The error occurs with SF100, right? At that scale, you need to tinker with Neo4j's settings as well. I have not yet tried using Neo4j for SFs larger than 10 -- it may take a significant tuning / query optimization to get the workload, especially the path queries (queries 13 and 14) running.

In fact, it would be best to rewrite queries 13 and 14 to use the Graph Data Science Library: https://github.com/ldbc/ldbc_snb_interactive/issues/171

deslay1 commented 3 years ago

I actually used SF30 instead of 100 just to save some time during some initial tests. Perhaps you are right, I don't know so much about the query optimizations you guys have developed.

I managed to succeed in executing the benchmark. The problem was that I did not make adjustments in the benchmark.properties file. So it was using parameters and update streams from the test-data directory. So all good now! What I will try next is a larger scale factor (perhaps a custom one).
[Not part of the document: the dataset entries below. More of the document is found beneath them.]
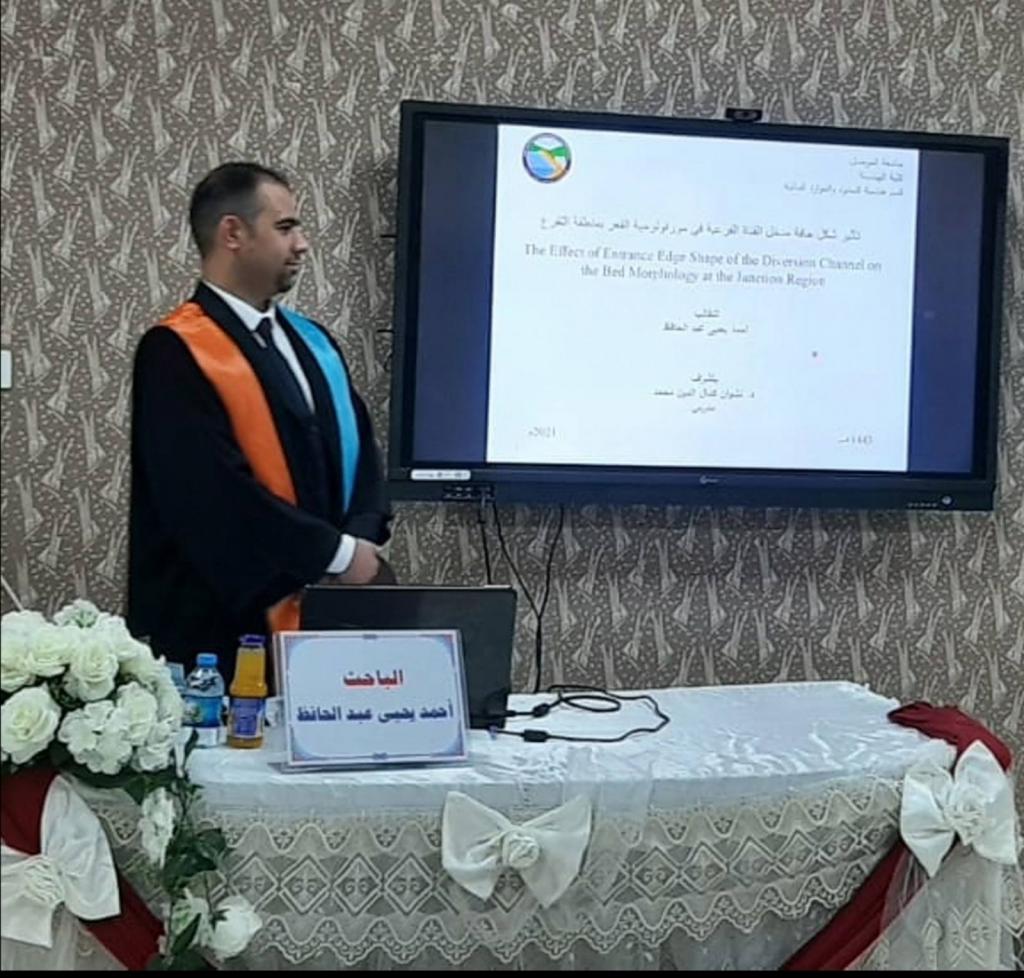 نوقشت رسالة ماجستير في قسم هندسة السدود والموارد المائية في جامعة الموصل بعنوان “تأثير شكل حافة مدخل القناة الفرعية في مورفولوجية القعر بمنطقة التفرع” للطالب احمد يحيى عبد الحافظ في تمام الساعة التاسعة من يوم الاثنين الموافق 1/11/2021.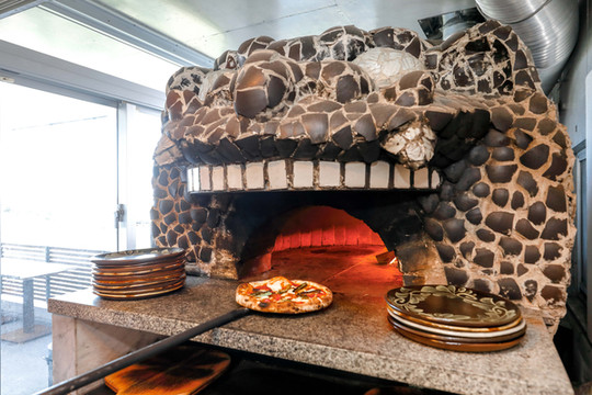 走上二楼,餐桌正对着落地窗,一阵香味扑鼻而来。这里最为饕客们津津乐道的,莫过于是以陶窑烘烤的特制披萨。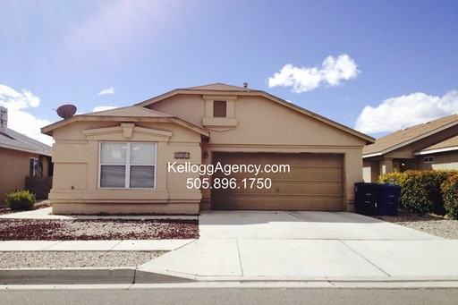 Southwest landscaping front/back. Single level, large living area w/ceiling fan opens to dining and kitchen. Master bedroom w/ceiling fan, large walk-in closet, single vanity, garden tub, separate shower, sliding door access to patio. Spacious spare bedrooms, full hall bathroom, linen closet, carpet and tile throughout the home, window blinds, laundry room with washer hook-up and electric or gas dryer hook-up. Evaporative cooling, backyard covered patio with extended concrete slab, 2 car garage with remotes. DIRECTIONS: From Unser, E. on Bandelier> R. on Don Giovanni, R on Carmen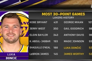 據(jù)統(tǒng)計(jì),東契奇已經(jīng)在湖人52次拿到單場(chǎng)30+,追平名宿沃西,并列隊(duì)史第11位。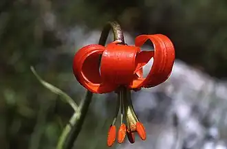 Die Pflanze blüht im Juni und Juli in einer Rispe mit ein bis fünf Blüten (in Kultur bis zu 15). Die Blüten bestehen aus sechs nach hinten gebogenen Blütenblättern (türkenbundartig). Es sind drei Kron- und drei Kelchblätter, die sich aber sehr ähnlich sehen. Die Farbe der Blüten variiert von orangerot bis scharlachrot mit schwarzen Punkten. Die Antheren sind braun, die Pollen zinnoberrot. Die Blüte duftet stark und unangenehm.

With the current SF30, importing the data into the docker container as part of the load-in-one-step.sh script takes about 50 mins to one hour. This means that if I try to run a few benchmarks after one another (for example to average out the performance or change some Neo4j config variable) it would take a very long time.
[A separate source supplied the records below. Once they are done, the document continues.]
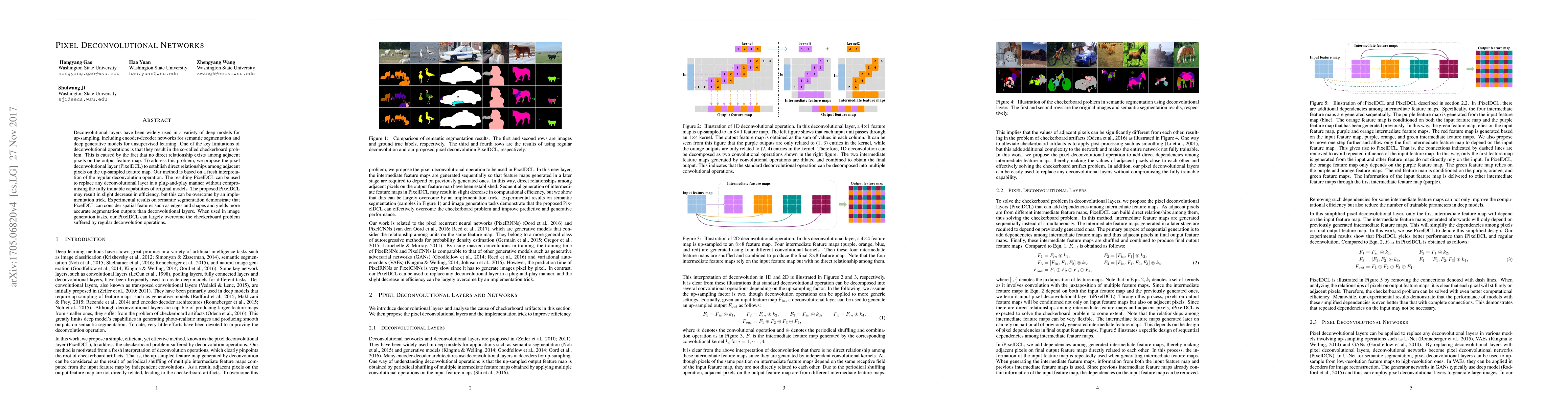Deconvolutional layers have been widely used in a variety of deep models for up-sampling, including encoder-decoder networks for semantic segmentation and deep generative models for unsupervised learning. One of the key limitations of deconvolutional operations is that they result in the so-called checkerboard problem. This is caused by the fact that no direct relationship exists among adjacent pixels on the output feature map. To address this problem, we propose the pixel deconvolutional layer (PixelDCL) to establish direct relationships among adjacent pixels on the up-sampled feature map. Our method is based on a fresh interpretation of the regular deconvolution operation. The resulting PixelDCL can be used to replace any deconvolutional layer in a plug-and-play manner without compromising the fully trainable capabilities of original models. The proposed PixelDCL may result in slight decrease in efficiency, but this can be overcome by an implementation trick. Experimental results on semantic segmentation demonstrate that PixelDCL can consider spatial features such as edges and shapes and yields more accurate segmentation outputs than deconvolutional layers. When used in image generation tasks, our PixelDCL can largely overcome the checkerboard problem suffered by regular deconvolution operations.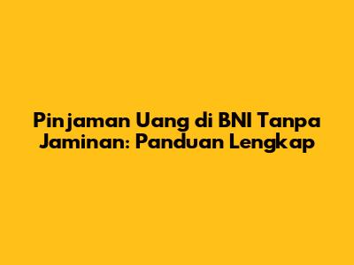 Pinjaman uang di BNI tanpa jaminan menjadi solusi populer bagi banyak orang yang membutuhkan dana cepat tanpa harus memberikan aset sebagai jaminan. Bank Negara Indonesia (BNI) menawarkan berbagai produk pinjaman yang bisa disesuaikan dengan kebutuhan finansial Anda. Artikel ini akan membahas secara mendalam mengenai cara mendapatkan pinjaman tanpa jaminan di BNI, persyaratan yang dibutuhkan, serta tips agar pengajuan Anda disetujui. Jadi, simak terus ya!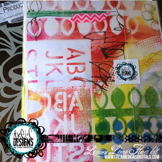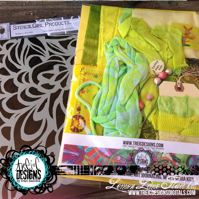 color palette: LEMON lime...bright greens and yellows with pops of fuchsia and turquoise. THIS is a one-of-kind kit.. contains a vintage silk flower, yoyo, hand stamped paper feather, vintage hand dyed fiber trims, handmade painted & dyed doodled fabrics and papers, one 4x6 art print.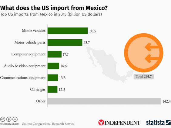 As the Statista chart shows, the US imports over $50bn worth of motor vehicles and nearly $44bn worth of vehicle parts from Mexico.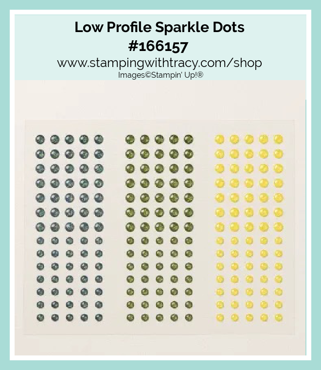 To complete my card, I added two Low Profile Sparkle Dots in Mossy Meadow to each end of the sentiment and added a piece of Basic White to the inside of the card.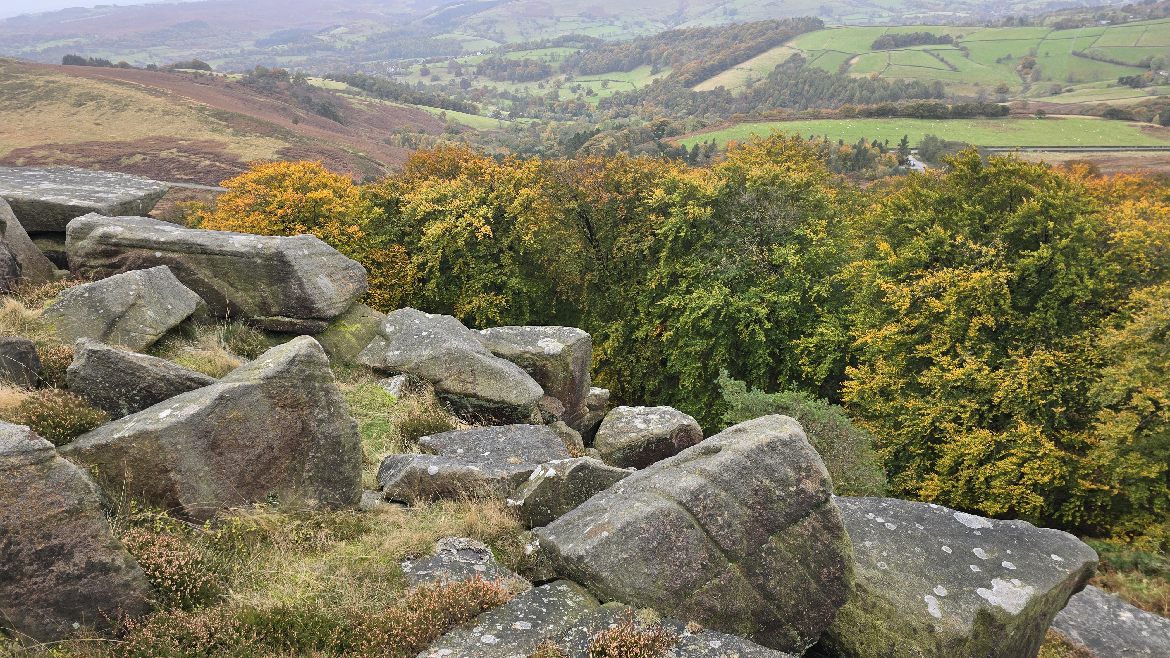 1st November 2024 Started by parking the car at Hooks Car parking. Below the parking and Stanage Edge is Carhead Rocks. I walked down the road a little to gain the path that goes along the top of Carhead Rocks. This gives some great views of Stanage. From here the top is followed to get to the road at Hollin Bank. Then directly up to Stanage and then along to the southerly trig point. A new area for me, Carhead Rocks, and well worth the visit.

I have updated the frequencies of each query according to Table 4.1 in the specification. By the way in the comments of the benchmark.properties file it says to look at section B.1 which is wrong right?
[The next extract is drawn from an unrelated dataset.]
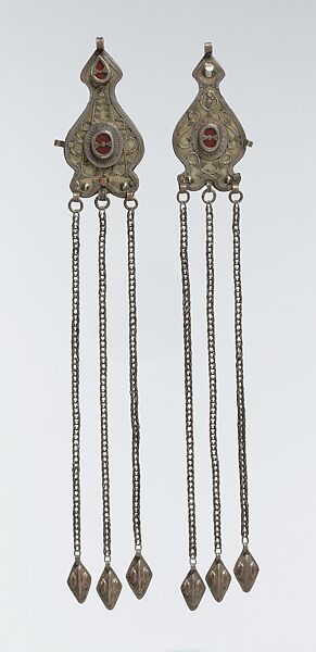- Medium:Silver; fire-gilded, with decorative wire, silver shot, glass stones, and wire chains with embossed pendants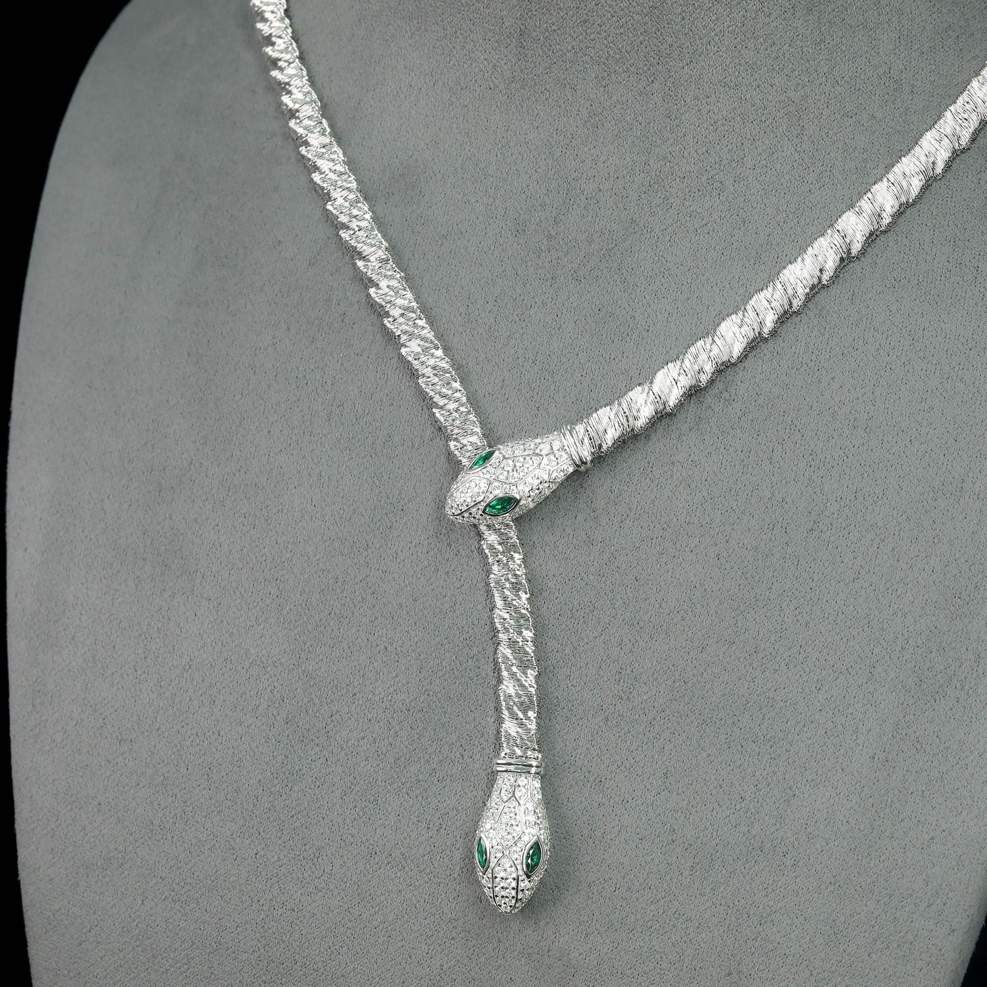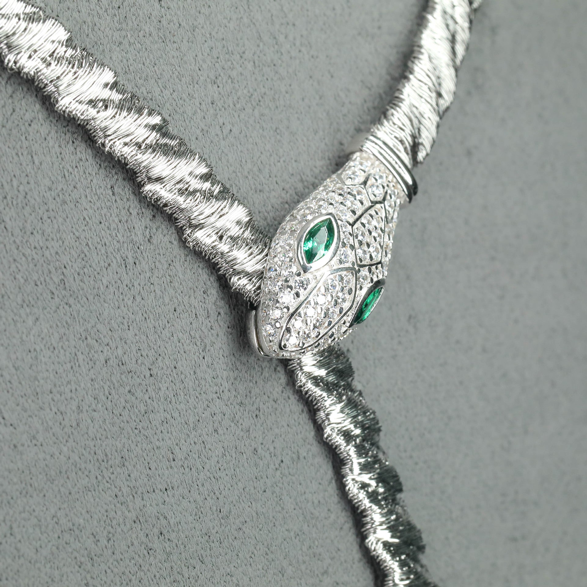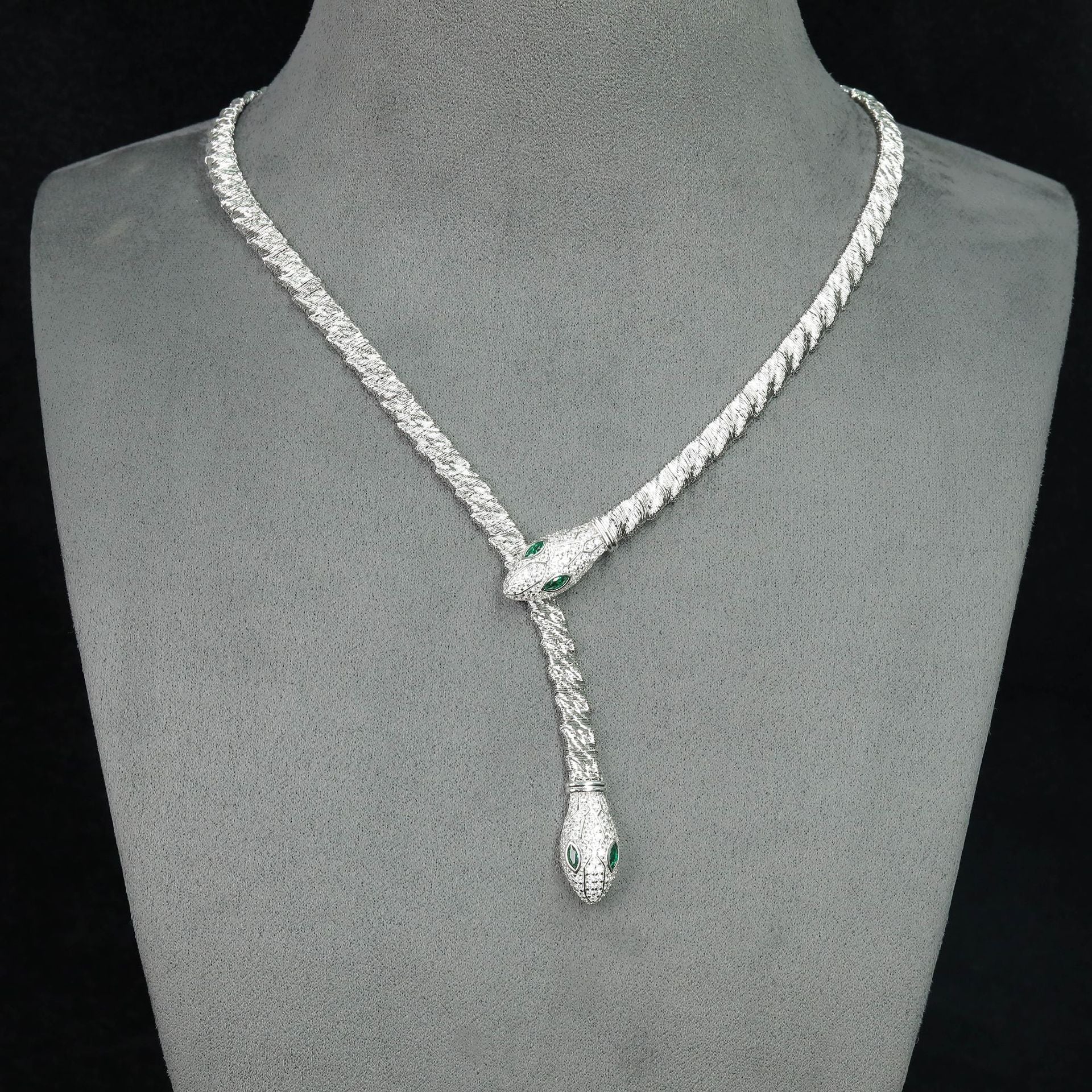 High Carbon Diamond Spirit Snake Muzo Green Silver and Gold Plated Collarbone Chain

Anyways, is this long import time just something you have to accept do you think? Is there a quicker way to just dump the data in the container? Like if we have a snapshot of it that we can just reload every single time or something. Not sure how that would work but it would be pretty neat.

szarnyasg commented 3 years ago

@deslay1 Glad to see that resolved!

I'm a bit short on time today so I'll be brief with my answer:

There's a way to snapshot the data. Load it with scripts/load-in-one-step.sh then stop the database with scripts/stop-neo4j.sh. Then, make a backup of the directory ${NEO4J_DATA_DIR} (by default, it's scratch/data in the cypher directory). Then, before each run, replace the scratch/data directory with the backup and start Neo4j with scripts/start-neo4j.sh.

PS: I'll take a look at the comment about section B.1. PSPS: you definitely need to reset the database between runs as the update queries insert new nodes/edges to the database -- if you run them twice, their second run will fail due to uniqueness constraints.

deslay1 commented 3 years ago

Thank you, that sounds like a good idea, I will work with that and give an update!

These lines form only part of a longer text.